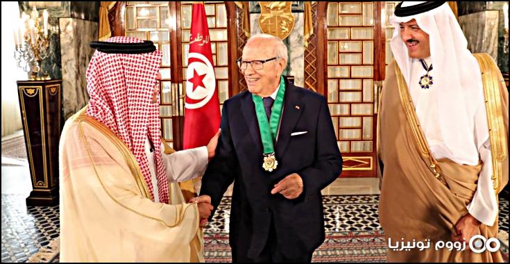 من جانبه، عبّر رئيس الجمهورية عن اعتزازه بهذا التكريم وأكّد حرص تونس على تطوير تعاونها مع كافة الدول العربية سواء على المستوى الثنائي أو في إطار العمل العربي المشترك وجدّد التزام تونس وسعيها إلى أن تكون لها علاقات طيبة مع الجميع واستعدادها لمزيد التعاون خدمة لمصالح شعوب المنطقة وتعزيز للأمن والاستقرار في ربوعها.
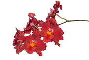 The striking flowers of this orchid feature velvety, ruffled crimson-red petals with bright yellow-orange centers. It blooms for an extended period, with multiple flowers on arching stems. As is common with hybrids, slight variations may occur between individual plants, with some displaying delicate white spots that add to the unique character of the cross.
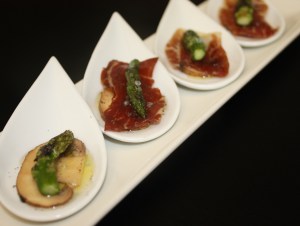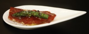 Colocar encima el jamón y la punta de espárrago. Rallar un poco de trufa, unas gotas de aceite virgen extra, unas escamas de sal y A COMER!!!!
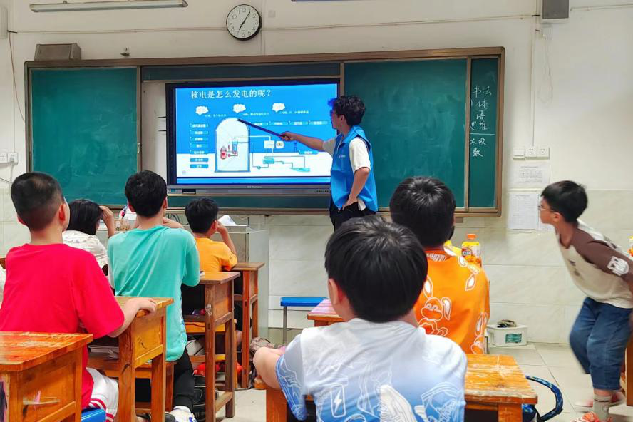 宣讲活动中,主讲人刘坤灵通过播放“一分钟了解核电站”的视频,帮助同学们形成了对核电站的初步认识。他从能源发展的维度设问,鼓励学生们大胆展开设想,从而引出产生电的几种方式:火力发电、水力发电、核能发电、风力发电。他结合PPT内容深入浅出地讲解了环保生电的方式---核生电。

^^^^^^^^

■ **The problem**
Print the lines from the one that contains "Colocar encima el" through the final line of the material above, exactly and only those, with pictures left out.

■ **Your solution**
 Colocar encima el jamón y la punta de espárrago. Rallar un poco de trufa, unas gotas de aceite virgen extra, unas escamas de sal y A COMER!!!!
 宣讲活动中,主讲人刘坤灵通过播放“一分钟了解核电站”的视频,帮助同学们形成了对核电站的初步认识。他从能源发展的维度设问,鼓励学生们大胆展开设想,从而引出产生电的几种方式:火力发电、水力发电、核能发电、风力发电。他结合PPT内容深入浅出地讲解了环保生电的方式---核生电。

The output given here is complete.